SparkPlusPlus expects application config to come from a YAML file passed with --config.

CLI Pattern

spark-submit \
--class example.OrdersJob \
your-app.jar \
--config conf/orders.yaml \
--env dev

Arguments that are not consumed by SparkPlusPlus remain available through ctx.args.

Example Config

inputs:
- name: customers
path: s3://lakehouse/raw/customers
format: parquet
filter: is_active = true
- name: orders
path: s3://lakehouse/raw/orders
format: parquet
outputs:
- name: customer_orders
path: s3://lakehouse/silver/customer_orders
format: delta
mode: overwrite
partitionBy:
- order_date
repartition: 200
sparkConfig:
spark.sql.shuffle.partitions: "200"
spark.sql.session.timeZone: UTC
spark.databricks.delta.schema.autoMerge.enabled: "true"

Input and Output Rules

Each input entry must define:

  • name
  • path
  • format

Inputs may additionally define:

  • schemaPath
  • schemaJson
  • filter
  • options

Each output entry must define:

  • name
  • path
  • format

Outputs may additionally define:

  • mode
  • partitionBy
  • repartition
  • coalesce
  • options

SparkPlusPlus validates these combinations before the application starts.

Validation highlights:

  • names must be unique within inputs
  • names must be unique within outputs
  • names must also be unique across both sections
  • schemaPath and schemaJson cannot be used together
  • repartition and coalesce cannot be used together
  • blank filters fail fast

Config Concepts

  • partitionBy controls how an output dataset is physically written.
  • repartition and coalesce control how many Spark partitions are present before the write.
  • spark.sql.shuffle.partitions is a Spark session setting, not an output dataset property.

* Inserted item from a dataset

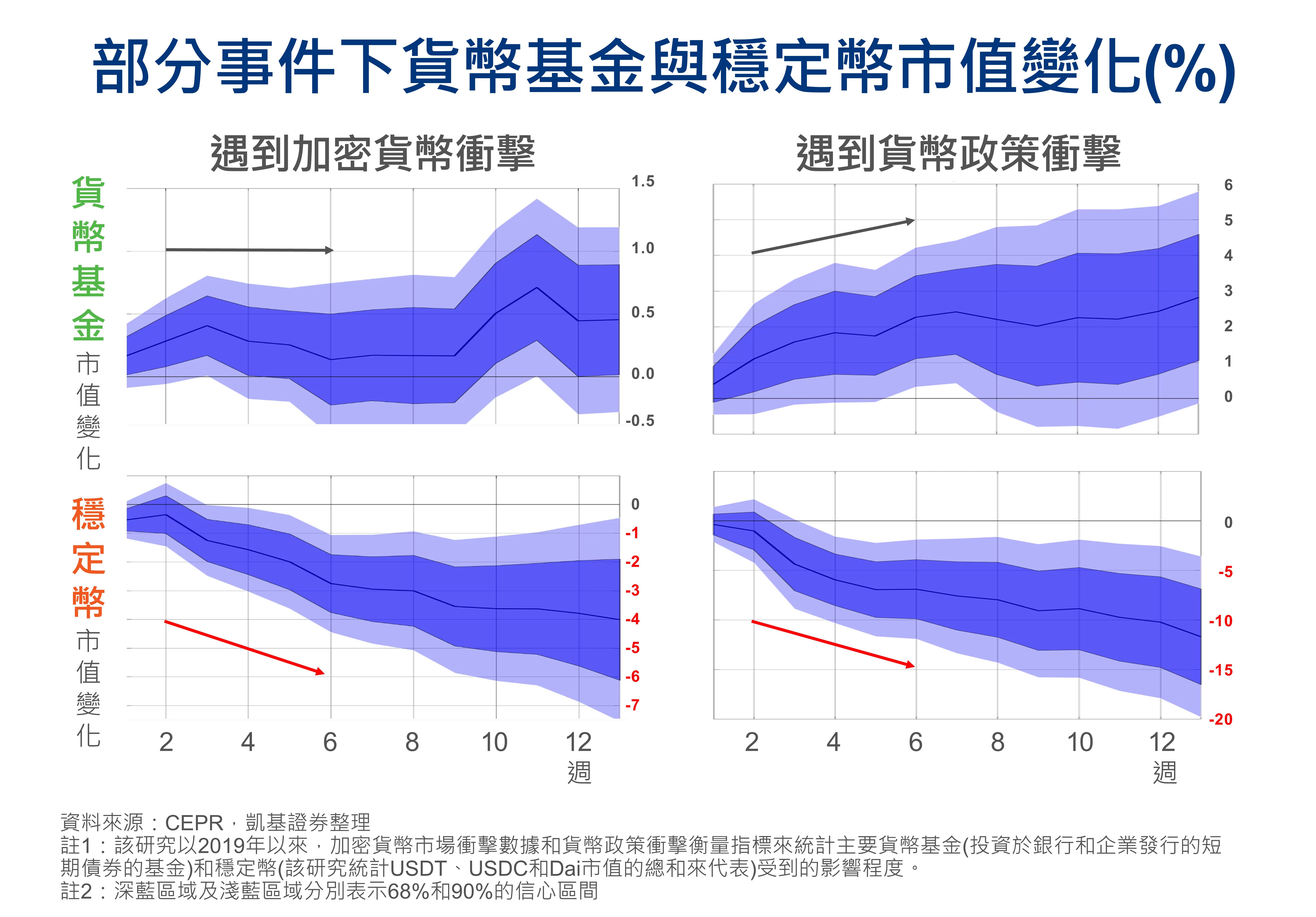 穩定幣的資產負債表結構與貨幣基金非常相似,兩者在一般市場承壓期間常見到避險買盤流入,行為上有高度相似性。然而穩定幣對市場情緒更敏感,部分事件可能帶來市值擴張,也有事件會造成規模縮減或短期脫鉤壓力。相較之下,貨幣基金受到的影響小很多。部分學者的研究也發現,2019年以來的加密貨幣衝擊,對穩定幣的規模影響不低,而貨幣基金的管理資產規模則沒有明顯變化。而在貨幣政策衝擊時(尤其緊縮政策),穩定幣的規模縮減幅度較為明顯,貨幣基金規模甚至走高,反應了短期市場利率更具吸引力而使資金流入貨幣基金(尤其前面所述,Genius法案禁止支付型穩定幣的發行商支付利息給支付型穩定幣持有者)。整體而言,穩定幣的風險不低,貨幣基金的風險則相對較小。

Keep Spark execution tuning in sparkConfig. Keep dataset-specific write behavior in the matching outputs entry.

Applying Spark Session Config

If your config case class exposes a sparkConfig: Map[String, String] field, SparkPlusPlus will automatically apply those entries to the SparkSession.Builder before your app-specific configureSpark(...) hook runs.

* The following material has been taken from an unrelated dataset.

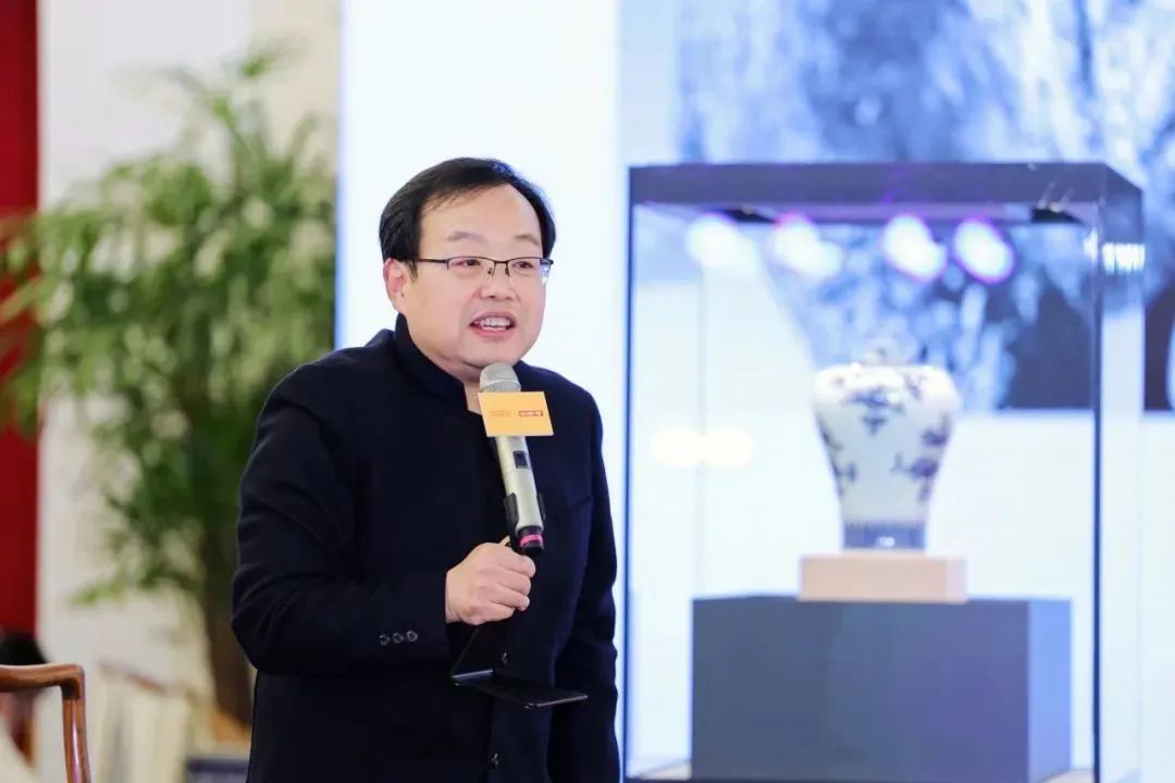 中国国家博物首席鉴定师耿东升在现场为大家鉴赏了馆藏文物明代霁蓝梅瓶,清乾隆青花三果梅瓶这两件珍贵藏品

This is useful for settings such as:

  • shuffle partitions
  • timezone
  • Delta-related Spark settings
  • serializer and SQL behavior flags

Supported Shapes

The loader currently supports:

  • case classes
  • nested case classes
  • lists and sequences
  • Map[String, T]
  • Option[T]
  • default constructor values

Validation Behavior

  • unknown YAML fields fail fast
  • missing required fields fail fast
  • optional fields map to None when omitted
  • default parameter values are used when defined in the case class
  • sparkConfig maps can be supplied in YAML and are added to the Spark session automatically
  • duplicate dataset names fail fast
  • invalid dataset field combinations fail fast